Major energy companies withdraw from SBTi draft guidelines after proposed ban on new oil and gas fields

In a significant development for the global energy sector, Shell and several other leading oil and gas companies have stepped away from a six-year initiative to establish a “net zero” emissions standard for the industry. According to documents reviewed by the Financial Times, the companies withdrew from the Science Based Targets initiative (SBTi) after draft guidelines recommended halting the development of new oil and gas fields—a requirement they deemed untenable for their operations.
The SBTi, a respected standard-setting organization in the climate space, launched the oil and gas standard effort in 2019 with the aim of providing a clear pathway for fossil fuel producers to align their activities with the goals of the Paris Agreement. Early drafts of the standard emphasized deep cuts in carbon emissions and proposed that companies cease new fossil fuel extraction projects by the end of 2027 or upon the submission of their climate plans. These provisions, viewed as too rigid, prompted key members of the industry to reconsider their involvement in the process.

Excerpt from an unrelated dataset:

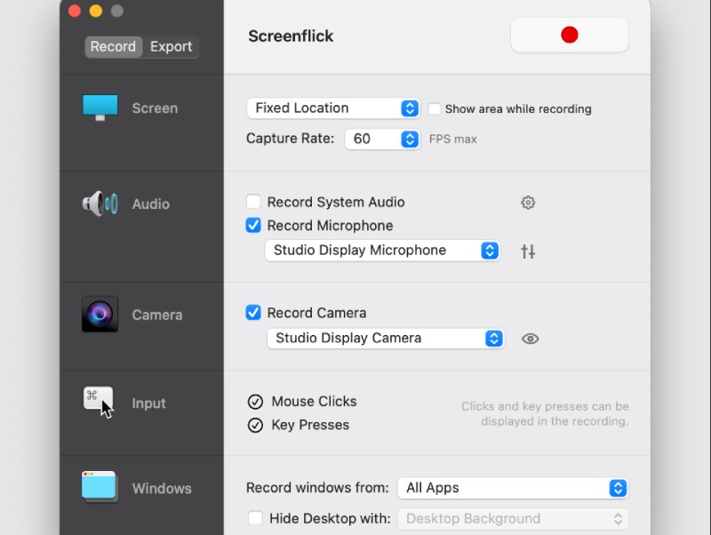 As you successfully download and launch Screenflick on your computer, you will see a simple and intuitive interface. In the Record tab, you can configure the following options:
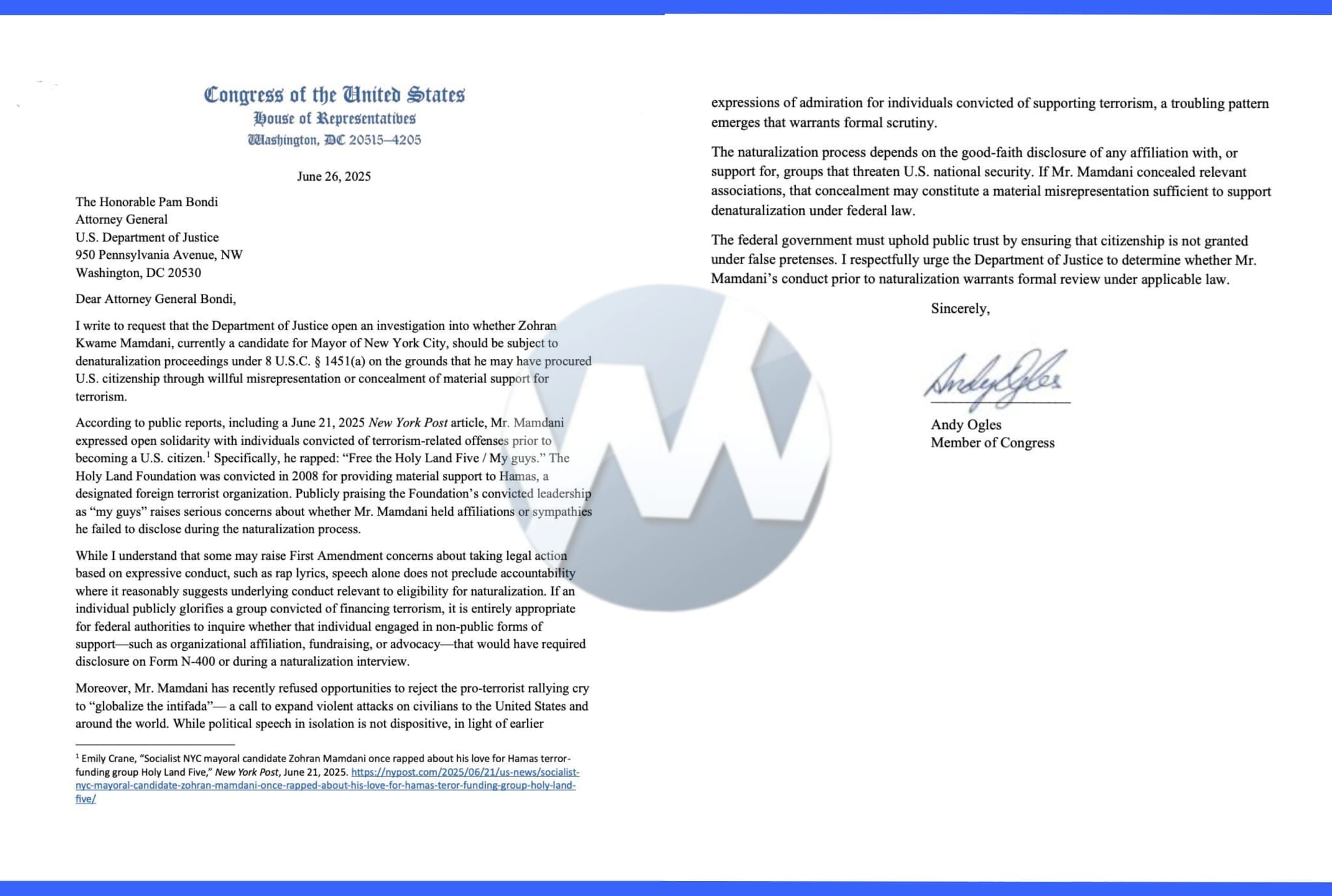 Rep. Andy Ogles calls on AG Pam Bondi to launch denaturalization proceedings against Communist Zohran Mamdani and deport him:

Shell, Europe’s largest oil major, publicly criticized the draft guidelines for failing to reflect the practical realities of energy markets. In its withdrawal statement, the company argued that a blanket prohibition on new fields would not accommodate the nuanced needs of different regions and technologies. Aker BP and Enbridge, among others, also exited the initiative, citing limited influence over the final standard and concerns about operational feasibility.
In response to the departures, SBTi officials announced a pause in the development of the oil and gas standard, attributing the delay to internal capacity constraints. The organization insisted that the decision was not directly caused by industry pushback. However, the suspension coincided with the appointment of David Kennedy as SBTi’s new chief executive, who has since pushed back the timeline for financial institutions’ guidance—moving the deadline for ending support for new oil and gas ventures from 2025 to 2030.
The retreat from the net zero standard has drawn criticism from climate advocates, who warn that it could undermine efforts to limit global warming to 1.5°C above pre-industrial levels. By softening the criteria for fossil fuel producers, the pause risks delaying critical emissions reductions and allowing for expanded extraction activities in vulnerable regions. Critics argue that without a robust benchmark, companies will lack the incentive to pivot toward cleaner energy solutions.
Supporters of the companies’ decision contend that a more flexible approach is needed to balance energy security and climate goals. They stress that an abrupt cessation of new field development could exacerbate energy shortages and economic instability, particularly in developing markets. The debate highlights the complex trade-offs between ecological imperatives and the global demand for affordable, reliable energy.
Analysts suggest that the impasse may catalyze a broader reassessment of industry-led climate frameworks, prompting a shift toward hybrid models that combine emissions reduction targets with transitional allowances for new projects. Whether the SBTi—or an alternative body—can reconcile these competing priorities remains to be seen, but the current stalemate underscores the formidable challenges in steering the world’s leading oil companies toward a net zero future.